• **DIRECTIONS FOR THIS TASK**:
An exact restatement of the entire listing is needed, excluding all images.

• **PROVIDED MATERIAL**:
———

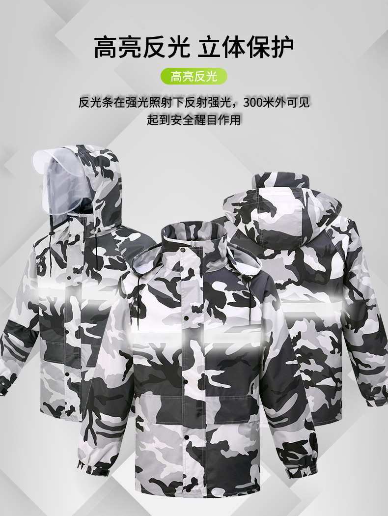 灰花迷彩雨衣分体套装雨裤时尚摩托车骑行外卖成人防暴雨钓鱼透气
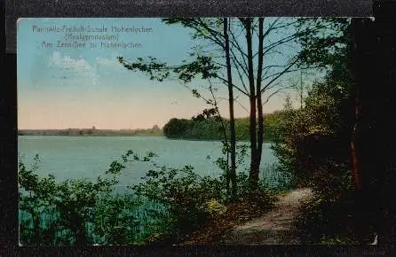 Hohen-Lychen. Am Zens-See - Gelaufen 1911. Rückseite mit Werbung. (NPLZ 17279)
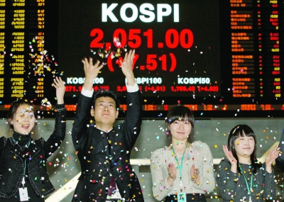 韓國綜合股指突破2050點(diǎn)大關(guān)再創(chuàng)今年新高

———

• **RESULT FOR THIS TASK**:
 灰花迷彩雨衣分体套装雨裤时尚摩托车骑行外卖成人防暴雨钓鱼透气
 Hohen-Lychen. Am Zens-See - Gelaufen 1911. Rückseite mit Werbung. (NPLZ 17279)
 韓國綜合股指突破2050點(diǎn)大關(guān)再創(chuàng)今年新高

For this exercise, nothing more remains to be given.